Go through the lines below and repeat each one exactly, skipping pictures.
:::::
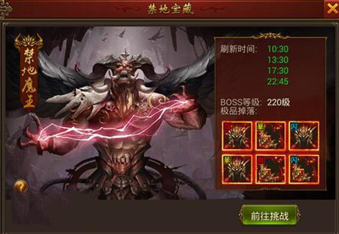 禁地魔王是强大的世界Boss,在每天的10:30,13:30,17:30和22:45四个时间点,会分别刷新一次。禁地魔王刷新后,禁地入口开放,玩家有15分钟的时间可以进入禁地内。禁地魔王会存在1个小时,玩家只要在这个时间内击杀禁地魔王,即可获得禁地魔王掉落的海量奖励。
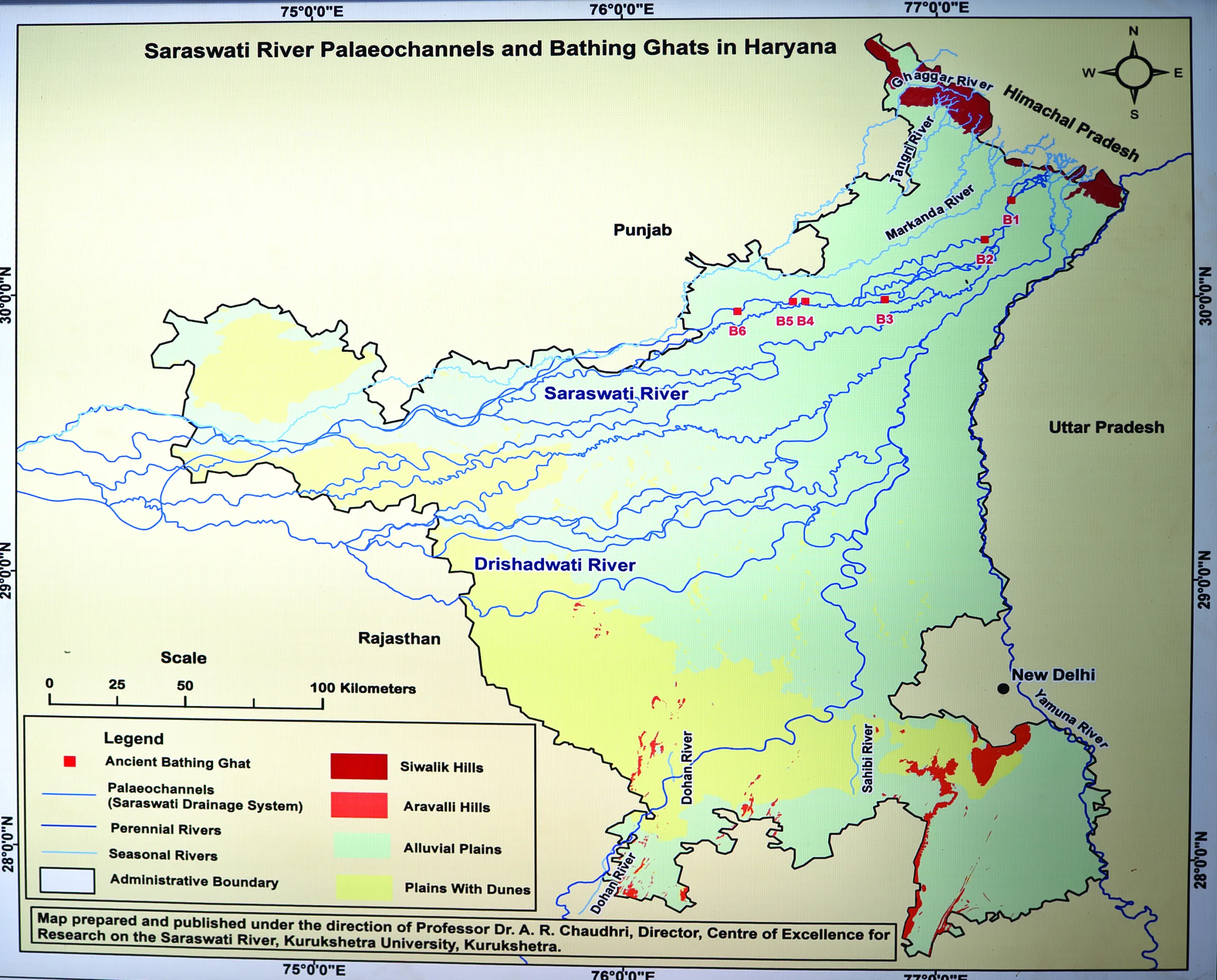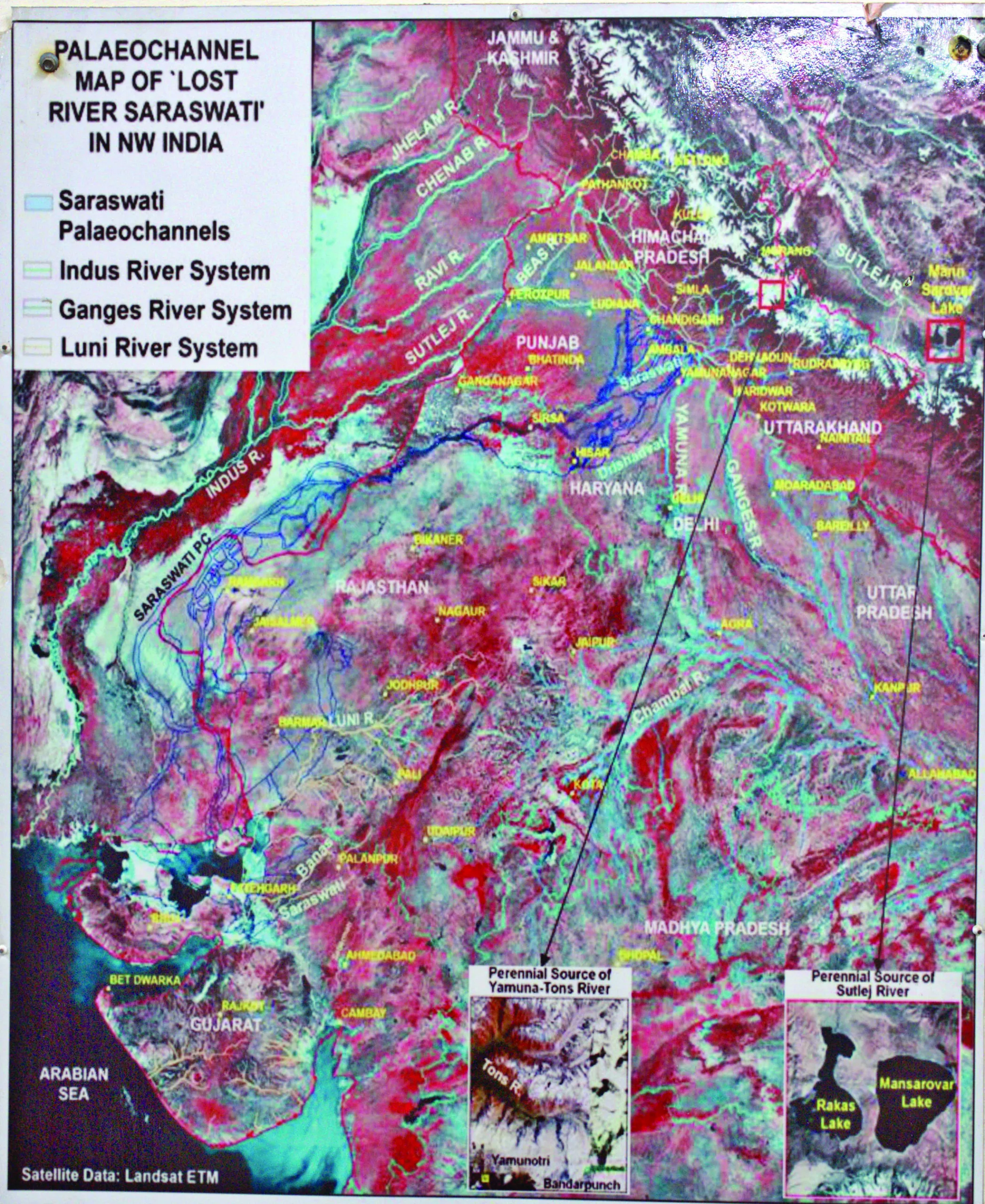 Remote Sensing and Satellite Imagery: High-resolution satellite imagery and remote sensing techniques have identified paleo-channels, dried river beds, and topographical features indicative of ancient river systems in the region by ISRO. Perennial sources such as the Sutlej and Yamuna rivers have been identified as part of the Vedic Saraswati River system.
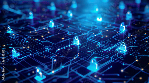 Future technology web services for business and internet projects cybersecurity and network protection theme digital lock symbols and interconnected network lines
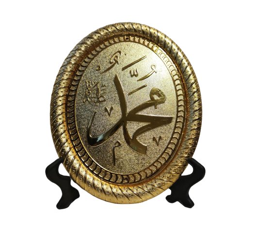 Tableau islamique doré Ovale Sous Forme de bouclier avec inscription calligraphie du nom du prophète MOHAMMED saw.
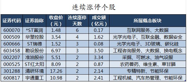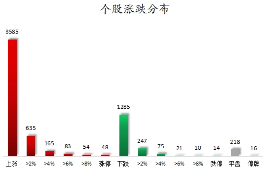 截至收盘,沪深两市合计3585只个股上涨,1285只个股下跌,平盘个股218只,停牌的个股16只。不含当日上市新股,共有48只个股涨停,14只个股跌停。连续涨停天数看,已连收6个涨停板,连续涨停板数量最多。
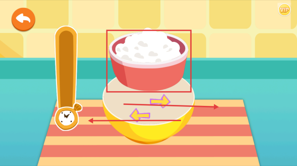 3、按照指示,拖动碗并左右移动筛出面粉。
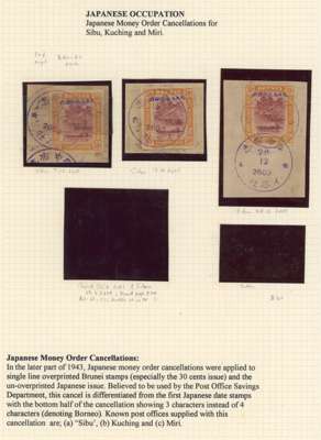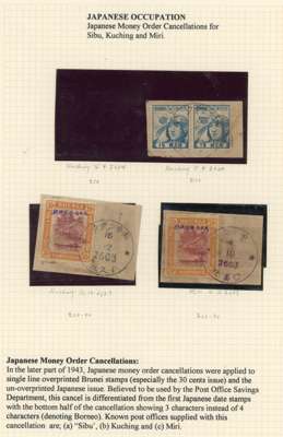 Money Order Cancellations. Small group neatly arranged on two pages comprising Brunei 6c greenish grey and 30c purple and orange-yellow (6), and Japan 15s ‘pilot’ horizontal pairs (2), variously cancelled at Sibu, Kuching and Miri, typically mixed condition still useful with mostly fine strikes. (9)
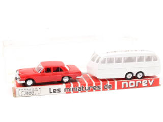 contient : MERCEDES 250 SE & caravane - avec cale en plastique
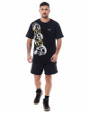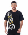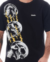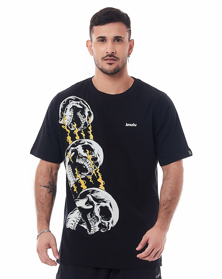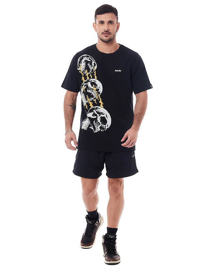 Seu corte tradicional proporciona um caimento perfeito, enquanto a gola careca e a manga curta tradicional conferem um visual clássico e versátil. O destaque desta camiseta é o seu silk exclusivo, apresentando uma impactante estampa com três caveiras na parte da frente.
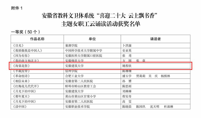 本网讯  为深入学习宣传贯彻习近平新时代中国特色社会主义思想,展示广大女职工的新时代风采和健康向上的精神风貌,营造喜迎二十大的浓厚氛围,省教科文卫体工会结合第27个“世界读书日”,开展“喜迎二十大 云上飘书香”主题女职工云诵读活动。建筑与规划学院姚程欣老师以《海棠花祭》荣获一等奖。
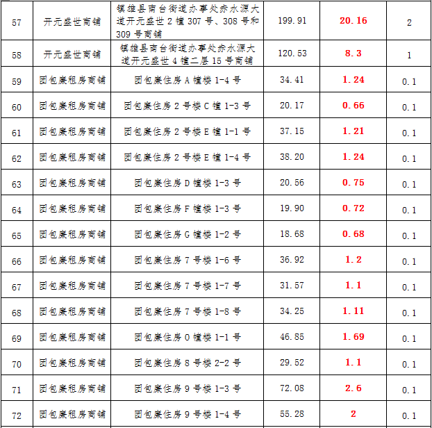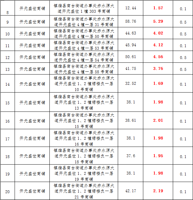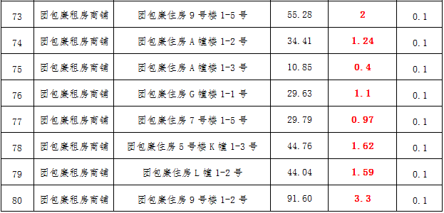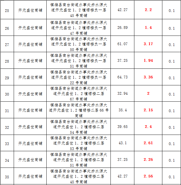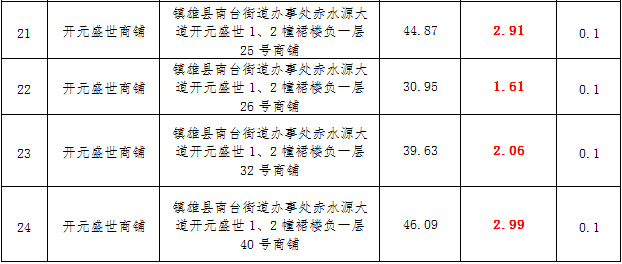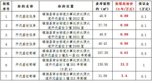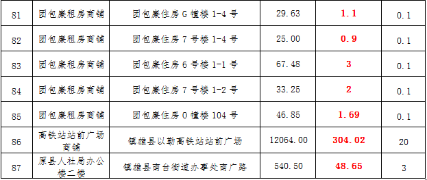(三)拍租鎮(zhèn)雄縣城市運(yùn)營(yíng)管理有限公司國(guó)有門(mén)面3年期使用權(quán),詳見(jiàn)下表:
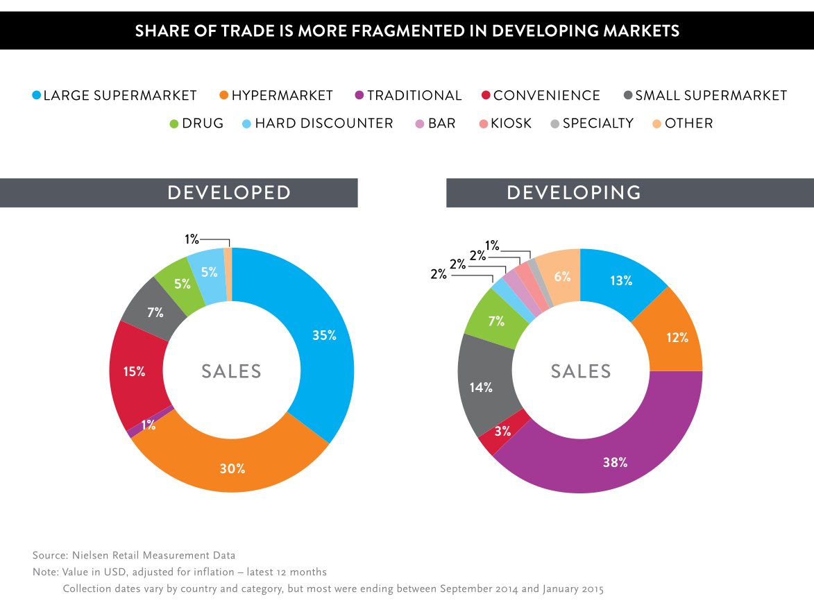 في الأسواق المتقدمة، تتركز المبيعات في محلات الهايبر/السوبر ماركت في التالي:
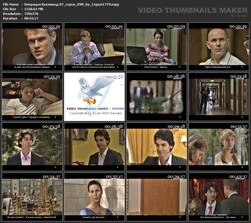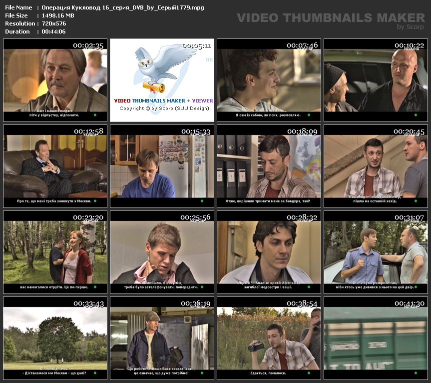 Информация о фильме:Название: Операция "Кукловод" Оригинальное название: Операция "Кукловод" Страна: компания "Пирамида" Год выпуска: 2013 Жанр: Детектив Продолжительность: Приблизительное время серий 45 мин Перевод: Русский ( Украинские вшитые) Режисер: Карен Захаров В ролях: Анастасия Панина, Владимир Яглыч, Денис Варенов, Евгения Чиркова, Андрей Москвичёв, Ирина Баринова, Александр Никольский (II), Андрей Муравьёв, Татьяна Косач-Брындина, Александр Сергеев (IV), Роман Гредин, Екатерина Куликова, Витас Эйзенах, Максим Башкин, Иван Гар, Алла Малковаи др. Описание: Герой сериала – Иван Королёв, майор оперативной службы ФСБ, при проведении операции по захвату оружейного барона попадает с группой в засаду. Получив тяжелое ранение, Королёв "уходит" на более спокойную работу – в спецотдел, занимающийся в основном аналитическими разработками. Так ему сказало начальство. Но на самом деле спокойной жизни не будет. Королёв с новыми коллегами оказывается в самой гуще событий, вызванных многоходовой комбинацией давнего врага России Перецкого. Перецкий, заработавший баснословные капиталы на родине, но вынужденный бежать за рубеж, не оставляет надежд поквитаться и со страной, и со своими недругами. И среди личных обидчиков первым номером числится Иван Королёв. Ведь именно он сорвал нелегальную сделку по продаже большой партии оружия террористам. Расследуя дело за делом, Королёв доберется до Перецкого, преступный замысел которого может нанести серьёзный ущерб России и её населению. Зрителя ждут интригующие расследования, детективный сюжет и опасные погони. Файл:Формaт: MPEG Качеcтвo: DVB Видeo: MPEG2 Video 720x576 (4:3) 25fps Аудио: MPEG Audio 48000Hz mono 192kbps Рaзмер: 46.89 GB
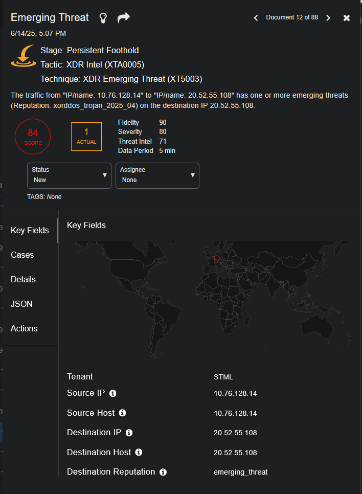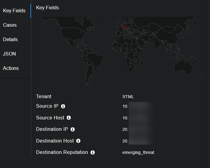 The Key Fields includes a global map on which the geolocation of the source and destination IP addresses are plotted with a connecting arc. For applicable alerts such as User Login Location Anomaly, the map includes data points for the closest typical login locations of that user.
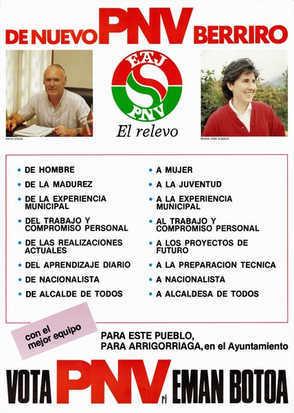 Título: De nuevo PNV [Material gráfico] : berriro EAJ-PNV : Patxi Otxoa el relevo de hombre, de la madurez... a María José Albizua, a mujer, a la juventud... : con el mejor equipo para este pueblo, para Arrigorriaga : en el ayuntamiento vota PNVri eman botoa
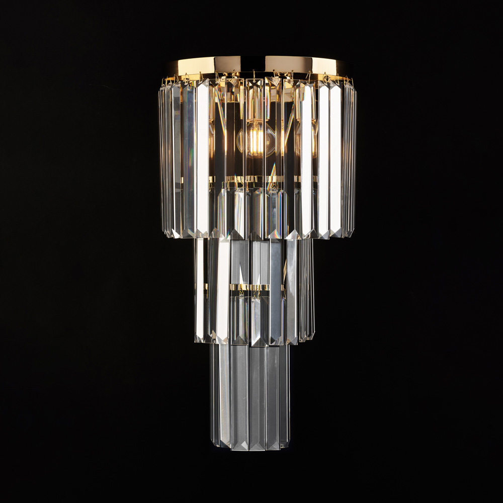 Applique Moderna Schuber Metallo Oro E Cristallo 2 Luci E14
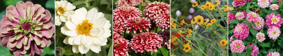 Quelques fleurs de zinnias : Zinnia ‘Queen Red Lime’, Zinnia ‘Profusion Double White’, Zinnia elegans ‘Mazurkia’, Zinnia peruviana, Zinnia ‘Double Zahara Raspberry’
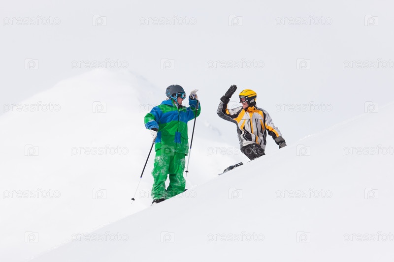 Горнолыжники стоят на вершине снежной горы
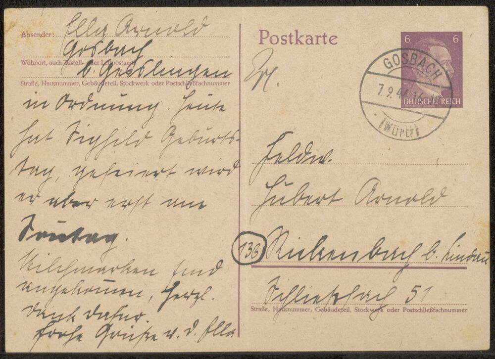 briefkaart aan Hubert van Ella dd 07-09-1944
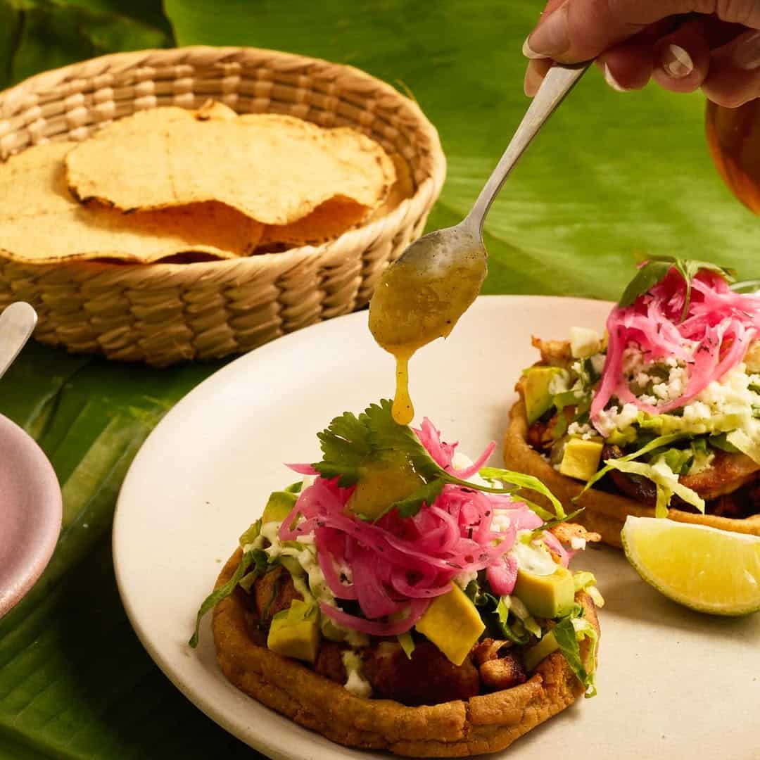 Toppings: refried beans, shredded meat, lettuce, cheese, salsa
:::::
OUTPUT FOR THIS TASK
 禁地魔王是强大的世界Boss,在每天的10:30,13:30,17:30和22:45四个时间点,会分别刷新一次。禁地魔王刷新后,禁地入口开放,玩家有15分钟的时间可以进入禁地内。禁地魔王会存在1个小时,玩家只要在这个时间内击杀禁地魔王,即可获得禁地魔王掉落的海量奖励。
 Remote Sensing and Satellite Imagery: High-resolution satellite imagery and remote sensing techniques have identified paleo-channels, dried river beds, and topographical features indicative of ancient river systems in the region by ISRO. Perennial sources such as the Sutlej and Yamuna rivers have been identified as part of the Vedic Saraswati River system.
 Future technology web services for business and internet projects cybersecurity and network protection theme digital lock symbols and interconnected network lines
 Tableau islamique doré Ovale Sous Forme de bouclier avec inscription calligraphie du nom du prophète MOHAMMED saw.
 截至收盘,沪深两市合计3585只个股上涨,1285只个股下跌,平盘个股218只,停牌的个股16只。不含当日上市新股,共有48只个股涨停,14只个股跌停。连续涨停天数看,已连收6个涨停板,连续涨停板数量最多。
 3、按照指示,拖动碗并左右移动筛出面粉。
 Money Order Cancellations. Small group neatly arranged on two pages comprising Brunei 6c greenish grey and 30c purple and orange-yellow (6), and Japan 15s ‘pilot’ horizontal pairs (2), variously cancelled at Sibu, Kuching and Miri, typically mixed condition still useful with mostly fine strikes. (9)
 contient : MERCEDES 250 SE & caravane - avec cale en plastique
 Seu corte tradicional proporciona um caimento perfeito, enquanto a gola careca e a manga curta tradicional conferem um visual clássico e versátil. O destaque desta camiseta é o seu silk exclusivo, apresentando uma impactante estampa com três caveiras na parte da frente.
 本网讯  为深入学习宣传贯彻习近平新时代中国特色社会主义思想,展示广大女职工的新时代风采和健康向上的精神风貌,营造喜迎二十大的浓厚氛围,省教科文卫体工会结合第27个“世界读书日”,开展“喜迎二十大 云上飘书香”主题女职工云诵读活动。建筑与规划学院姚程欣老师以《海棠花祭》荣获一等奖。
(三)拍租鎮(zhèn)雄縣城市運(yùn)營(yíng)管理有限公司國(guó)有門(mén)面3年期使用權(quán),詳見(jiàn)下表:
 في الأسواق المتقدمة، تتركز المبيعات في محلات الهايبر/السوبر ماركت في التالي:
 Информация о фильме:Название: Операция "Кукловод" Оригинальное название: Операция "Кукловод" Страна: компания "Пирамида" Год выпуска: 2013 Жанр: Детектив Продолжительность: Приблизительное время серий 45 мин Перевод: Русский ( Украинские вшитые) Режисер: Карен Захаров В ролях: Анастасия Панина, Владимир Яглыч, Денис Варенов, Евгения Чиркова, Андрей Москвичёв, Ирина Баринова, Александр Никольский (II), Андрей Муравьёв, Татьяна Косач-Брындина, Александр Сергеев (IV), Роман Гредин, Екатерина Куликова, Витас Эйзенах, Максим Башкин, Иван Гар, Алла Малковаи др. Описание: Герой сериала – Иван Королёв, майор оперативной службы ФСБ, при проведении операции по захвату оружейного барона попадает с группой в засаду. Получив тяжелое ранение, Королёв "уходит" на более спокойную работу – в спецотдел, занимающийся в основном аналитическими разработками. Так ему сказало начальство. Но на самом деле спокойной жизни не будет. Королёв с новыми коллегами оказывается в самой гуще событий, вызванных многоходовой комбинацией давнего врага России Перецкого. Перецкий, заработавший баснословные капиталы на родине, но вынужденный бежать за рубеж, не оставляет надежд поквитаться и со страной, и со своими недругами. И среди личных обидчиков первым номером числится Иван Королёв. Ведь именно он сорвал нелегальную сделку по продаже большой партии оружия террористам. Расследуя дело за делом, Королёв доберется до Перецкого, преступный замысел которого может нанести серьёзный ущерб России и её населению. Зрителя ждут интригующие расследования, детективный сюжет и опасные погони. Файл:Формaт: MPEG Качеcтвo: DVB Видeo: MPEG2 Video 720x576 (4:3) 25fps Аудио: MPEG Audio 48000Hz mono 192kbps Рaзмер: 46.89 GB
 The Key Fields includes a global map on which the geolocation of the source and destination IP addresses are plotted with a connecting arc. For applicable alerts such as User Login Location Anomaly, the map includes data points for the closest typical login locations of that user.
 Título: De nuevo PNV [Material gráfico] : berriro EAJ-PNV : Patxi Otxoa el relevo de hombre, de la madurez... a María José Albizua, a mujer, a la juventud... : con el mejor equipo para este pueblo, para Arrigorriaga : en el ayuntamiento vota PNVri eman botoa
 Applique Moderna Schuber Metallo Oro E Cristallo 2 Luci E14
 Quelques fleurs de zinnias : Zinnia ‘Queen Red Lime’, Zinnia ‘Profusion Double White’, Zinnia elegans ‘Mazurkia’, Zinnia peruviana, Zinnia ‘Double Zahara Raspberry’
 Горнолыжники стоят на вершине снежной горы
 briefkaart aan Hubert van Ella dd 07-09-1944
 Toppings: refried beans, shredded meat, lettuce, cheese, salsa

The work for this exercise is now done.